How much easier would it be if we as testers could just talk to the programmer and show what we found, with the developer then fixing the defect right away? We’ll talk more about that later.

In Chapter 15, “Coding and Testing,” we’ll explain how tester and programmers work together on bugs.

Defects in a DTS become a queue or a mini product backlog. According to lean principles, this inventory of defects is a waste. As a team, we should be thinking of ways to reduce this waste.

Janet’s Story

In 2004, Antony Marcano, author of TestingReflections.com, wrote a blog post about the idea of not using a bug-tracking system. When it was discussed on mailing lists, he was flamed by many testers as introducing something similar to heresy.

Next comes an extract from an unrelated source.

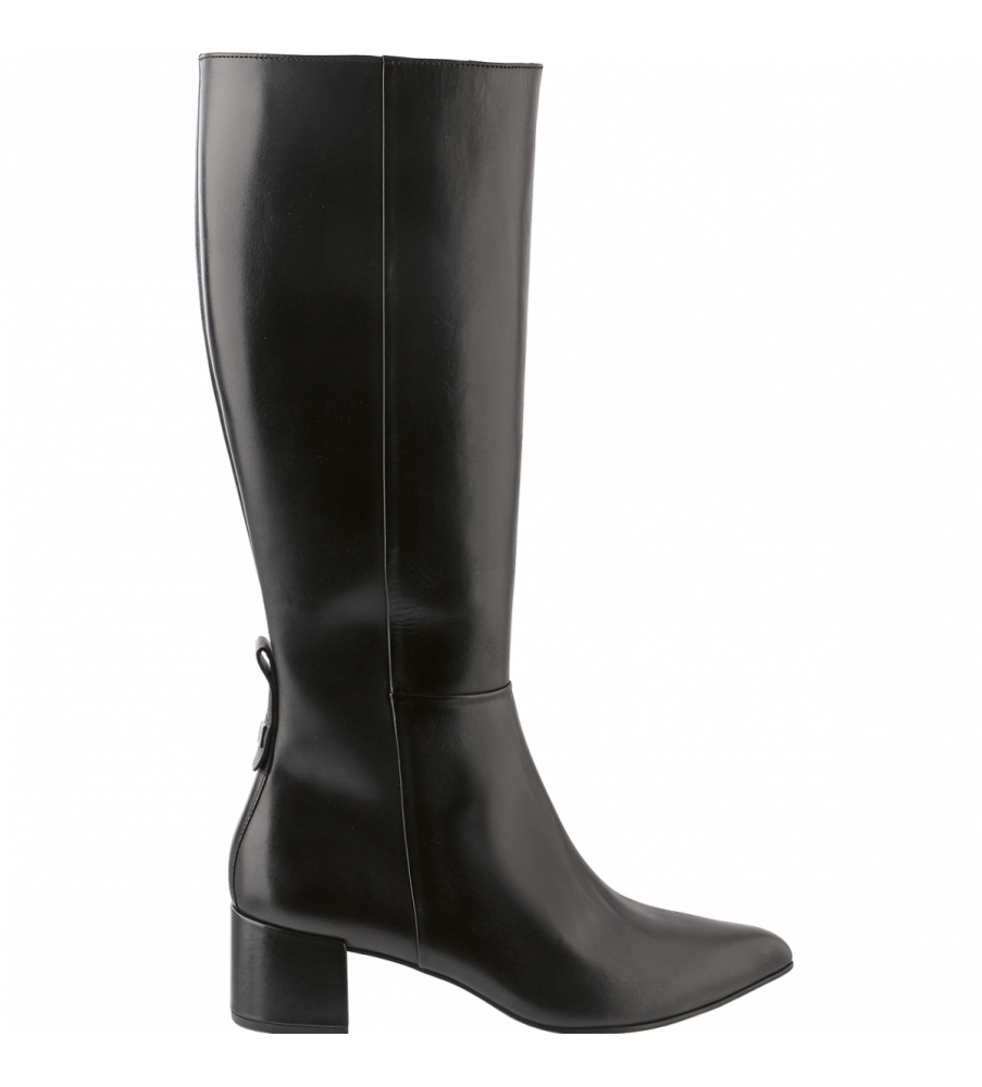 Čižmy pod kolená v hladkej, jemnej teľacej koži v jednoduchom dizajne so vsadenou gumičkou sú nadčasovým, všestranne nositeľným kúskom

He finds he has a different reception now, because the idea is making its way into the mainstream of agile thinking.

He suggests that bug-tracking systems in agile teams are just “secret backlogs.”

—Janet

Antony will share his ideas about the hidden backlog when we cover iteration planning in Chapter 18, “Coding and Testing.”

Defect Tracking Tools

If you do decide to use a DTS, choose it carefully. Understand your needs and keep it simple. You will want everyone on the team to use it. If it becomes overhead or hard to use, people will find ways to work around it. As with all tools used by your agile development team, you should consider the whole team’s opinion. If anyone from the customer team enters bug reports, get his or her opinion too.

One of the simplest tools that Janet has used is Alcea’s FIT IssueTrack. It is configurable, does not make you follow a predefined process, and is easy to get metrics out of. Do your homework and find the tool that works for you. There are a variety of open source defect-tracking systems, hosted systems, and integrated enterprise systems available.

Whether or not you use a DTS, you want to make defects as visible as possible.

We use a commercial DTS, but we find value in keeping bugs visible. We color-code bugs and include them as tasks in our story board, shown in Figure 5-1. Yellow cards denote normal bugs, and red cards denote either high production bugs or “test stopper” development bugs—both categories need to be addressed right away. A quick look at the board lets us see how many bugs are in the To Do, WIP, Verify and Done columns. Other cards are color-coded as welclass="underline" blue for story cards, green for test task cards, and white for development tasks. Striped cards are for tasks added after iteration planning. Yellow and red bug cards stand out easily.

Figure 5-1 Story board with color-coded cards. Used with permission of Mike Thomas. Copyright 2008.

During the time we were writing this book, my team converted to a virtual story board because one of our team members became a remote team member, but we retained this color-coding concept.